I agree that one glass here or there will not hinder progress, and high fives to those who have the will power to say "no more" in social situations.
However I do believe it's important to highlight that there is a fine line between alcohol having no effects and having detrimental effects.
NHS studies have shown that one glass with your sunday meal can be benificial to your health. But two glasses overwrites those benifits and actually becomes something negative. This sort of alcohol once in a while won't leave any lasting detrimental effect on the body or mind, but regularly taken over a long period of time will be detrimental to body and mind. I knew a lecturer while I was at uni who had a glass of wine everyday with his dinner and he had significant health problems, but didn't have the will power to give it up. *edit* (he was in his 70s)

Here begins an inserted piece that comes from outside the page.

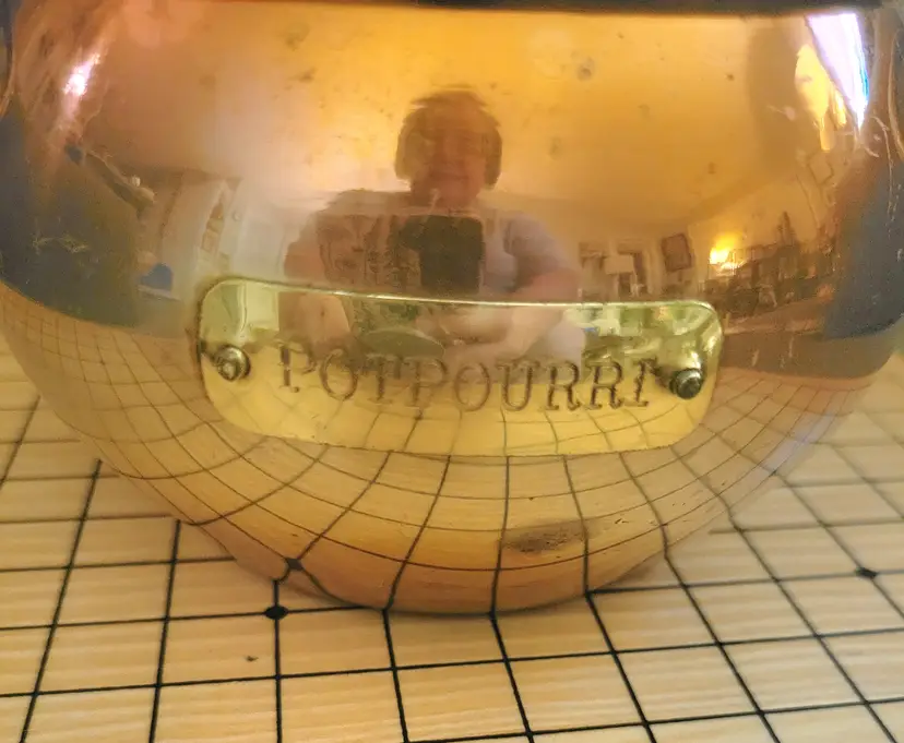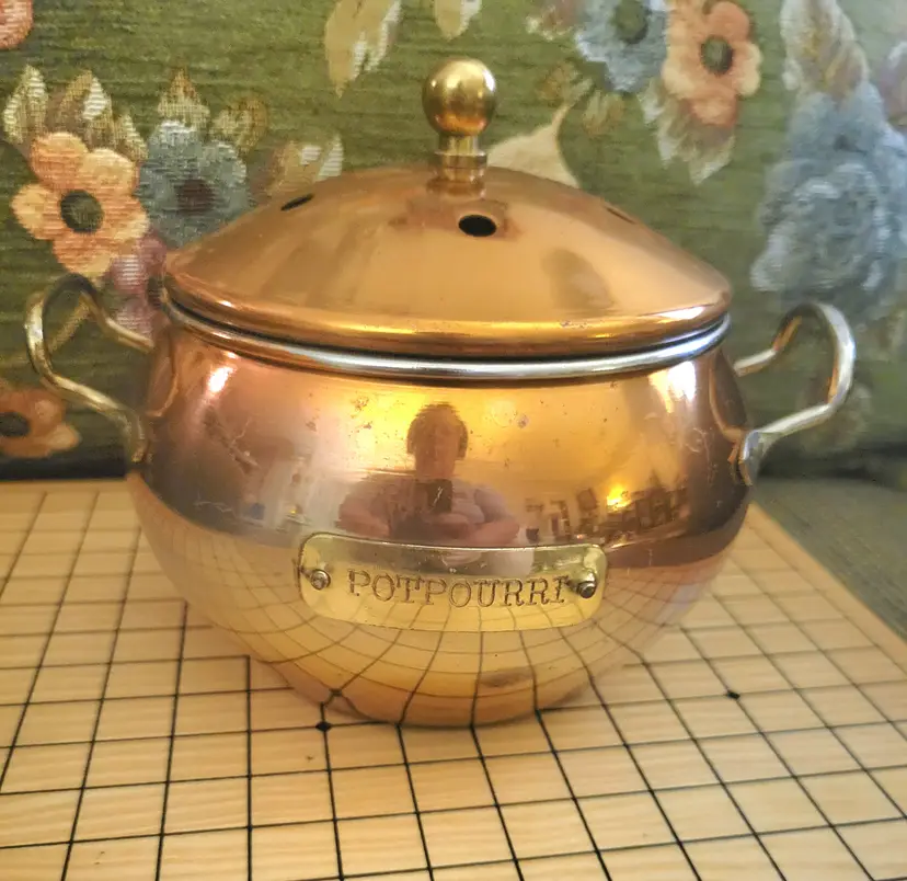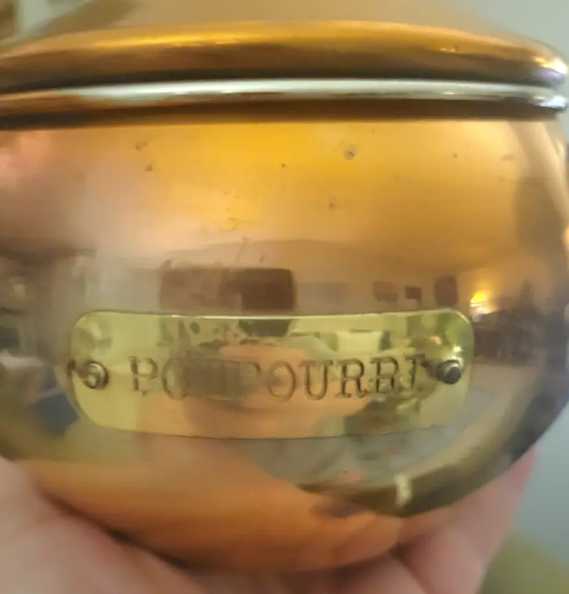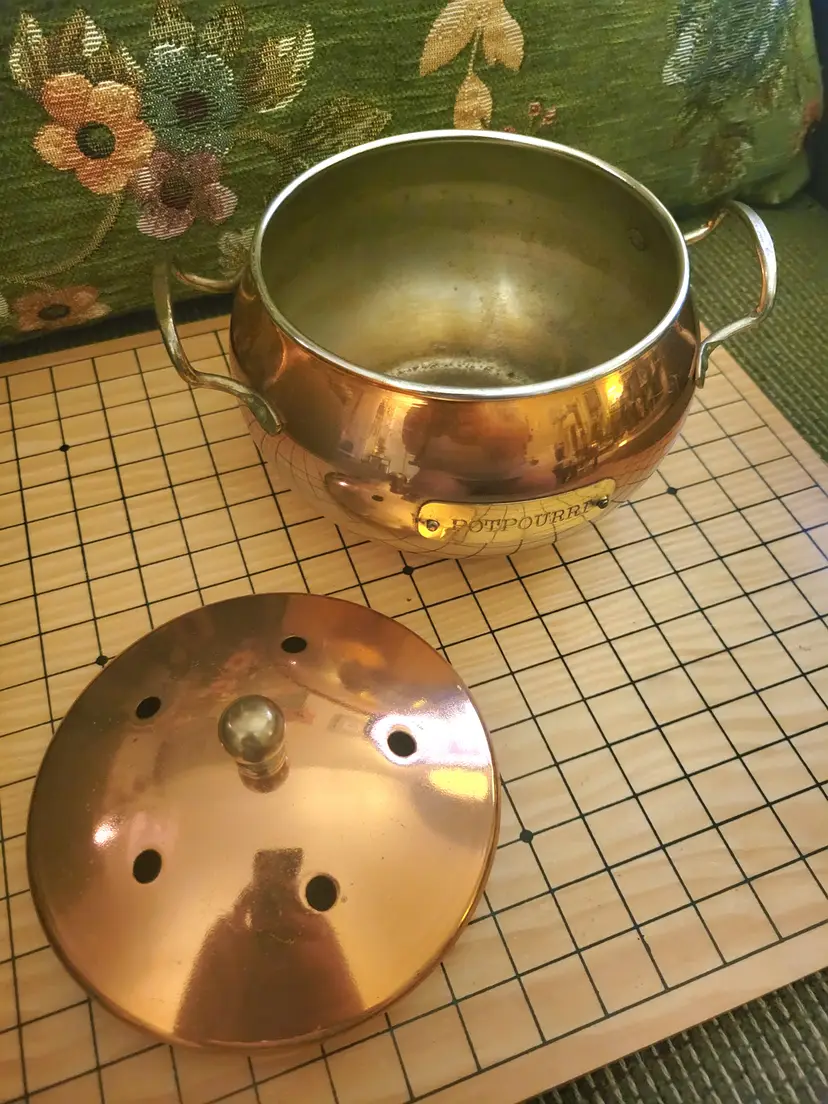 Great little simmer pot with brass handles. Copper is worn, definitely well used but still cute.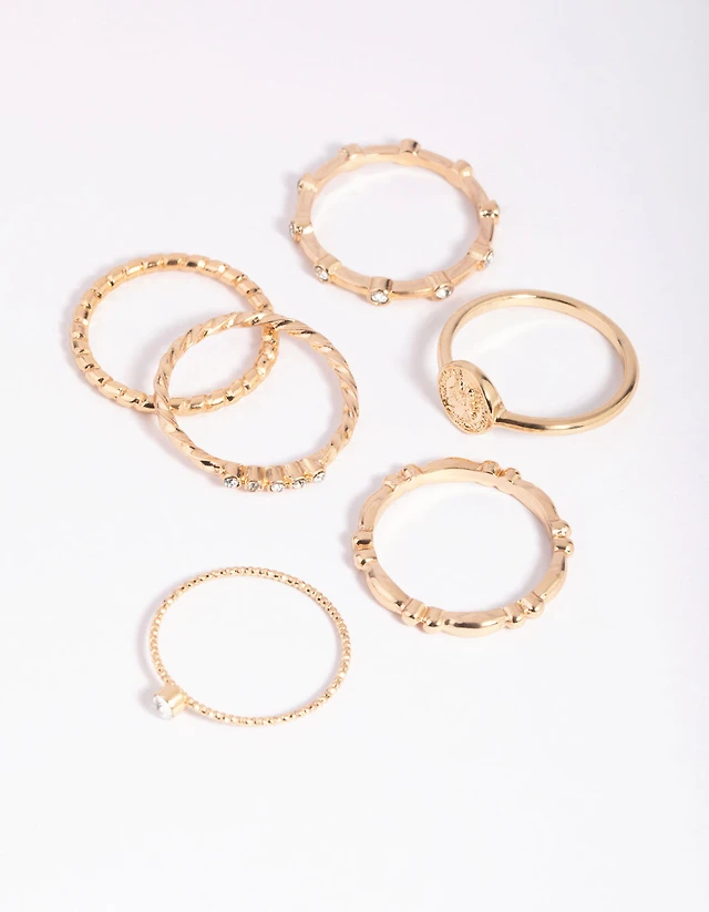 Silver Plated Cubic Zirconia Mixed Leaf Ring 5-Pack

Wine glasses in the UK have actually increased in size, so one glass is actually equivilant to 1 and half.
So while I agree that we shouldn't prohibit alcohol (I favour "abstain") I do not think discussion on the matter to be silly.

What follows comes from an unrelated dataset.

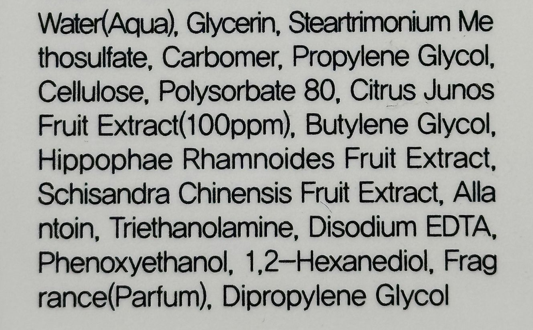 Пилинг гел за лице с юджа и морски зърнастец ефективно премахва мъртвите клетки и замърсяванията от повърхността на кожата, без да причинява сухота или дразнене. Формулата съдържа екстракт от юджа (Citrus Junos Fruit Extract, 100 ppm) – богат на естествени органични киселини и витамин C, които изсветляват тена и придават здравословно сияние. Добавеният екстракт от морски зърнастец (Hippophae Rhamnoides Fruit Extract) подхранва кожата с антиоксиданти и подпомага регенерацията, докато екстрактът от Schisandra Chinensis укрепва кожната бариера и подобрява нейната еластичност. Алантоинът успокоява и омекотява кожата след ексфолиране. Благодарение на нежната формула с целулозни частици, пилинг гелът механично отстранява натрупаните мъртви клетки, като разкрива по-гладка, чиста и свежа кожа. Триетаноламинът регулира pH баланса, за да поддържа естествената физиология на кожата, а растителните екстракти осигуряват антиоксидантна защита.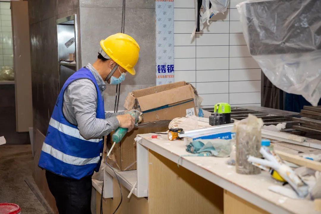 在天街的内部,“嗡嗡嗡”的电钻声、“叮叮当当”的安装声不绝于耳。铺地砖、装天花板……一派热火朝天、如火如荼的装修场面。进度最快的商户装修已接近尾声,其他商户也都紧张有序地进行着装修准备。

I mostly agree with what you say. People need to act responsibly. If we don't know how to behave when it comes to booze, we're in deep shit as this is a minor challenge among the many we will face. For some people though, alcohol is a big problem and they should stay clear, Buddhist or not.
As with every action, we should try to foresee the outcome. The same applies when we drink. If by ingesting some beverages we get a better health and don't hurt ourselves or others, there's no reason for us not to take it.
The discussion of the matter itself is not silly. Silly is someone arguing that a pint or a glass of wine will block realization (unless in very specific cases). I should have been more clear. If someone took a vow, then it's also little different, because such person is betraying his own commitment and this may have a psychological effect the next time someone is trying to uphold something. But in the good spirit of Buddhist moral, our actions are mostly evaluated by the intention behind them, the skill applied and their consequences. Knowing that, it should be obvious how are we to see this whole issue. This doesn't mean, however, that if someone wants to take such precept as a training method such should be discouraged. There's a place for it also. Nevertheless, considering alcohol nasty per se and, as such, off limits to Buddhists is plain worthless puritanical mentality.